Setting up paired CBS model
cns <- CbsModel(dsT, dsN)
print(cns)
which gives
CbsModel
Name: GSE20584
Tags: ACC,ra,-XY,BPN,-XY,AVG,FLN,-XY,paired
Chip type (virtual): GenomeWideSNP_6
Path: cbsData/GSE20584,ACC,ra,-XY,BPN,-XY,AVG,FLN,-XY,paired/GenomeWideSNP_6
Number of chip types: 1
Sample & reference file pairs:
Chip type #1 of 1 ('GenomeWideSNP_6'):
Sample data set:
AromaUnitTotalCnBinarySet:
Name: GSE20584
Tags: ACC,ra,-XY,BPN,-XY,AVG,FLN,-XY
Full name: GSE20584,ACC,ra,-XY,BPN,-XY,AVG,FLN,-XY
Number of files: 1
Names: GSM517071 [1]
Path (to the first file):
totalAndFracBData/GSE20584,ACC,ra,-XY,BPN,-XY,AVG,FLN,-XY/GenomeWideSNP_6
Total file size: 7.18 MB
RAM: 0.00MB
Reference data set/file:
AromaUnitTotalCnBinarySet:
Name: GSE20584
Tags: ACC,ra,-XY,BPN,-XY,AVG,FLN,-XY
Full name: GSE20584,ACC,ra,-XY,BPN,-XY,AVG,FLN,-XY
Number of files: 1
Names: GSM517072 [1]
Path (to the first file): totalAndFracBData/GSE20584,ACC,ra,-XY,BPN,-XY,AVG,FLN,-XY/GenomeWideSNP_6
Total file size: 7.18 MB
RAM: 0.00MB
This tells us that GSM517071 is used as the "Sample" and "GSM517072 as the "Reference".
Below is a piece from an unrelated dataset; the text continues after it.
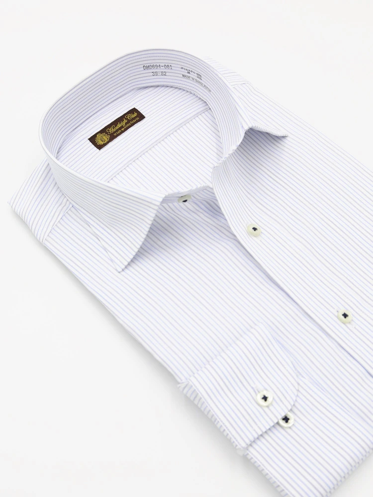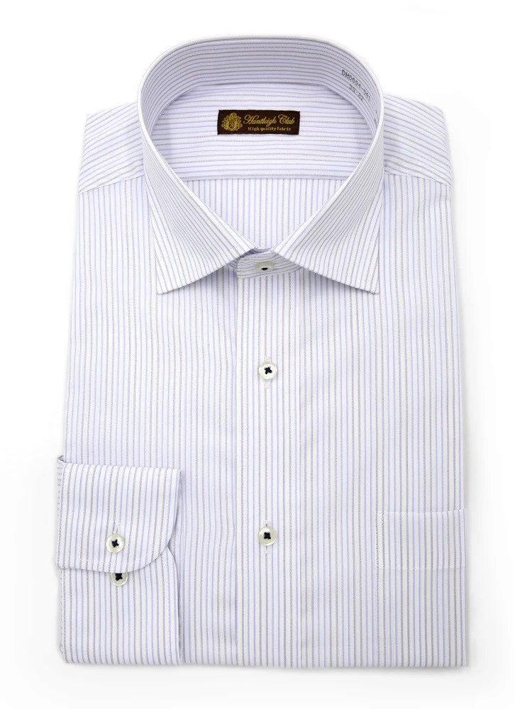 【形態安定】長袖 ワイシャツ セミワイド ストライプ ハントレークラブ 通年(サックス)

At this stage the segmentation has not been performed yet; we have this far only setup the CBS model. To run the segmentation on one chromosome, do:
# Perform CBS segmentation on one chromosome
fit(cns, chromosome=12, verbose=verbose)
To run the segmentation on all chromosomes (sequentially), do:
# Perform CBS segmentation for all chromosomes
fit(cns, verbose=verbose)
Extracting segmentation results
regDatList <- getRegions(cns, chromosome=12)
regDat <- regDatList[[1]]
regDat[1:10, 1:5]
This gives
chromosome start stop mean count
1 12 20704 739460 0.6830 440
2 12 739525 744291 1.5144 16
3 12 745616 1767217 0.7499 613
4 12 1770996 5119549 0.6473 2714
5 12 5122506 7192288 0.3636 1419
6 12 7192988 8447961 0.4240 599
7 12 8449756 8485921 -0.0008 23
8 12 8486162 13374527 0.4269 3444
9 12 13375092 13839537 0.3822 502
10 12 13843034 19572213 0.7679 3573
Displaying results of copy number analysis using ChromosomeExplorer
# Link the ChromosomeExplorer to the segmentation model
ce <- ChromosomeExplorer(cns)
print(ce)
# Fit the model for a few chromosomes
process(ce, chromosomes=c(12, 13, 17), verbose=verbose)
Figure: Total copy number estimates along chromosome 12 in tumor-normal pair GSM517071 vs GSM517072.
References
[1] H. Bengtsson, P. Wirapati, and T. P. Speed. "A single-array preprocessing method for estimating full-resolution raw copy numbers from all Affymetrix genotyping arrays including GenomeWideSNP 5 & 6". Eng. In: Bioinformatics (Oxford, England) 25.17 (Sep. 2009), pp. 2149-56. ISSN: 1367-4811. DOI: 10.1093/bioinformatics/btp371. PMID: 19535535.